VI.

Tegnér is instructor (docent) at the University of Lund; he is twenty-two years old, and is passing his summer vacation on the Rämen estate in the Myhrmann family, with whose youngest daughter, Anna, he is betrothed.

Here one day in September there appears, on a visit, the afterward so celebrated historian and poet, Erik Gustav Geijer, a young man of Tegnér's own age, who is freighted with the latest wisdom of the day, and bubbling over with a youthful impulse to impart and discuss his ideas. He makes attempt after attempt to approach Tegnér, but fails to find common ground on which they can meet. The slender son-in-law elect of the house is variable and full of moods, an enamored dreamer, a laughing mocker. There is a glitter of merriment in his eyes, his words are flashes of lightning. It is no more possible to follow the channel of his thoughts than the course of the sunbeam through the foliage. The two young people are taking a walk together and have entered into a discussion on the way. Let us listen to what they are saying. The leader of the conversation is Geijer, who asks,—

"What Tegnér really thinks of the civilization of this locality? If he does not believe that all the so-called popular enlightenment is an evil? He, Geijer, looks on the sound reason of the masses as the most unfortunate delusion that it could ever occur to any one to venerate. Only the chosen ones of humanity had the higher sense which enabled them to grasp science in its full truth. Was not that the opinion also of the Herr Docent?"

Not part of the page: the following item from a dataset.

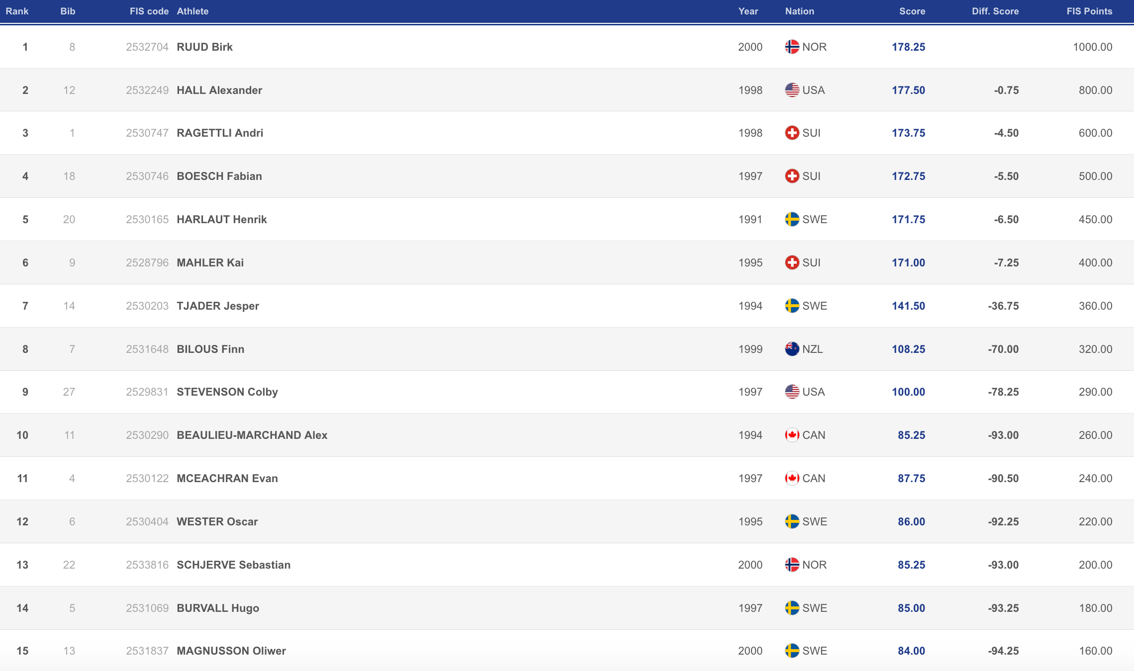 In the finals, highlights included a switch triple 12 and double bio 12 from Henrik Harlaut, a switch double 14 seatbelt japan + tail and dub 16 stale from Alex Hall, and a classy double cork 7 safety to cossack from Alex Bealeaui-Marchand. Ruud bagged the top spot with a switch double cork 16 tail and switch dub 14 tail to tail, followed by A-Hall in second and Andri Ragettli (switch double misty 16 safety, triple cork 16 safety) in third.

"No, not by any means; he would call that mysticism."

"Mysticism! What did Tegnér understand by mysticism?"

"Well, to lie flat on one's back, to take a little nap and allow one's self to be shadowed by the power of the Most High."

"Seriously speaking, did Tegnér admit of no intellectual intuition?"

"No, he cared nothing for the Teutonic mania—but he cared all the more for blueberries;" and just here there were growing some most excellent ones in the enjoyment of which he became profoundly absorbed: "Moreover, he did not doubt that Geijer understood the matter better than he did; he (Tegnér) had always heard Geijer called a genius, and such people only could meddle with philosophy. He, for his part, who knew of himself that no more reason than was absolutely necessary to carry him through the world had fallen to his lot, was not very fond of playing blindman's-buff, except with pretty young girls, and enjoyed least of all to do it with such learned gentlemen as Kant and Schelling."